However, medications are available to help when symptoms interfere with
functioning. Unfortunately, there is no one medication that is helpful to
all persons with TS, nor does any medication completely eliminate
symptoms; in addition, all medications have side effects. Instead, the
available TS medications are only able to help reduce specific symptoms.
Some patients who require medication to reduce the frequency and
intensity of the tic symptoms may be treated with neuroleptic drugs such
as haloperidol and pimozide.

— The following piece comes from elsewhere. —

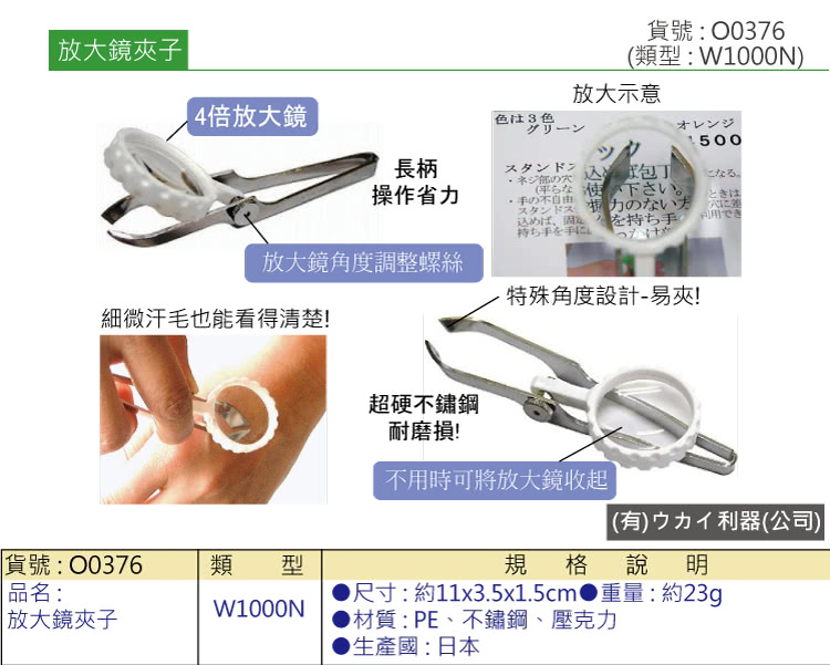 【感恩使者】放大鏡夾子 O0376(放大4倍 細微汗毛也看得清楚 日本製) 6188483

These medications are usually given in very
small doses that are increased slowly until the best possible balance
between symptoms and side effects is achieved.
Recently scientists have discovered that long-term use of neuroleptic
drugs may cause an involuntary movement disorder called tardive dyskinesia.

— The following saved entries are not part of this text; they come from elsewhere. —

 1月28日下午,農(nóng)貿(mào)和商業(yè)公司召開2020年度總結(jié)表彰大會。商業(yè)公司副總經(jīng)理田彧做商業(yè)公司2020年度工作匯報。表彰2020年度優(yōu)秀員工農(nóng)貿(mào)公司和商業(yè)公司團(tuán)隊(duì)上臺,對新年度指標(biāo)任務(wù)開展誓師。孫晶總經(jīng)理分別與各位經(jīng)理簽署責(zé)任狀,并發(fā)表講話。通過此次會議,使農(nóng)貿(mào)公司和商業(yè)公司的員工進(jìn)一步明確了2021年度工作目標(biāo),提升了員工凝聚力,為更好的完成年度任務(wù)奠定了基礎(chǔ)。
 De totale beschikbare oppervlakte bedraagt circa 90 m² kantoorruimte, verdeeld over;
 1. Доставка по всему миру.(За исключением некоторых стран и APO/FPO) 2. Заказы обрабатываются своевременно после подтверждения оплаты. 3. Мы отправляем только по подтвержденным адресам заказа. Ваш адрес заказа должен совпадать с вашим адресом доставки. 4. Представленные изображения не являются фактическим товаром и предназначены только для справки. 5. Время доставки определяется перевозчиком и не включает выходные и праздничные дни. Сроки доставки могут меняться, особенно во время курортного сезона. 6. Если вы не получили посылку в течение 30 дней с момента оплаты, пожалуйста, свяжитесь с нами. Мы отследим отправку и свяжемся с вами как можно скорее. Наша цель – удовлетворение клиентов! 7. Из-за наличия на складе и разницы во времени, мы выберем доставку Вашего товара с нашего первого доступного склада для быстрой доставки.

However, this condition usually disappears when medication is
discontinued. Short-term side effects of haloperidol and pimozide include
muscular rigidity, drooling, tremor, lack of facial expression, slow
movement, and restlessness. These side effects can be reduced by drugs
commonly used to treat Parkinson's disease. Other side effects such as
fatigue, depression, anxiety, weight gain, and difficulties in thinking
clearly may be more troublesome.
Clonidine, an antihypertensive drug, is also used in the treatment of
tics. Studies show that it is more effective in reducing motor tics than
reducing vocal tics. Fatigue, dry mouth, irritability, dizziness,
headache, and insomnia are common side effects associated with clonidine
use. Fluphenazine and clonazepam may also be prescribed to help control
tic symptoms.
Medications are also available to treat some of the associated
behavioral disorders. Stimulants such as methyphenidate, pemoline, and
dextroamphetamine, usually prescribed for attention deficit disorders,
although somewhat effective, have also been reported to increase tics;
therefore their use is controversial. For obsessive compulsive behaviors
that significantly disrupt daily functioning, fluoxetine, clomipramine,
sertraline, and paroxetine may be prescribed.

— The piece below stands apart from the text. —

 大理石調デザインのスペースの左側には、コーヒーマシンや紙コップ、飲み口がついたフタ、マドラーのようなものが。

Other types of therapy may also be helpful. Although psychological
problems do not cause TS, psychotherapy may help the person better cope
with the disorder and deal with the secondary social and emotional
problems that sometimes occur. Psychotherapy does not help suppress the
patient's tics.
Relaxation techniques and biofeedback may be useful in alleviating
stress which can lead to an increase in tic symptoms.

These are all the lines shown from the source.